Electrical & Computer Engineering     |     Carnegie Mellon

Tuesday, May 27 , 12:00-1:00 p.m. HH-1112


Phillip Stanley-Marbell
Carnegie Mellon University

Dynamic Fault-Tolerance Management and Analysis Metrics for Failure-Prone Battery-Powered Systems

Traditional computing systems are typically characterized by metrics such as performance, and are designed to optimize this characteristic. Systems comprised of large numbers of failure prone computing devices and networks,must provide a combination of reliability and performance, in the face of failures. Dynamic Fault-Tolerance Management (DFTM) is one proposal for a structured approach to providing reliable operation in systems with very high failure rates in both devices and their interconnecting networks.

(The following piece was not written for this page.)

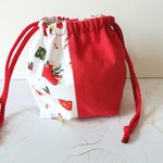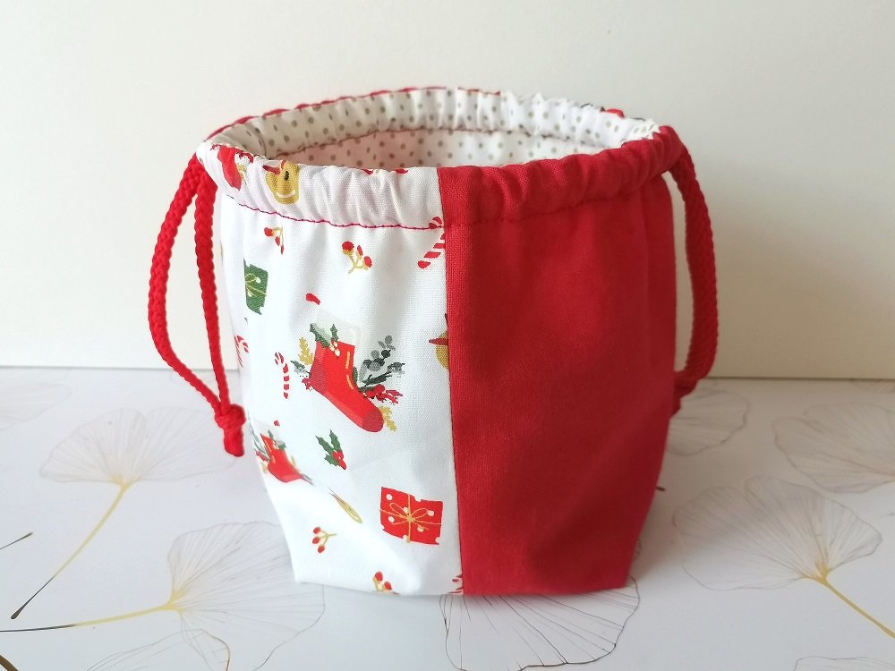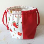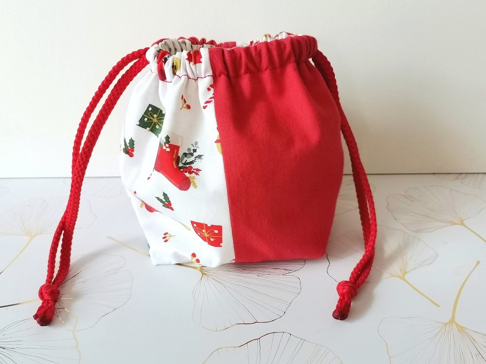 Petit sac pochon de noël à lien coulissant en tissus coton certifié Oeko-Tex de couleur rouge et blanc motif noël et rouge

When the devices in question are resource constrained, e.g. are attached to energy sources such as batteries with non-linear discharge effects, approaches to providing reliable execution, and the metrics employed in analyzing their efficacy, must take
into consideration a combination of performance, power consumption, reliability, and battery lifetime.

This talk introduces DFTM and a set of analytical measures for characterizing failure-prone battery powered systems.

Phillip is a 2nd year Ph.D. student in the Dept. of ECE. He currently passes his time writing books about obscure operating systems, and learning languages, natural and other. Besides this diversionary avocation, he spends most of his time building simulation frameworks, devising analysis metrics , and proposing programming frameworks for computational fabrics (which have nothing to do with clothing, at least, not directly). He lives in Pittsburgh (surprise) with his pet, Avdotya, a stack of paper.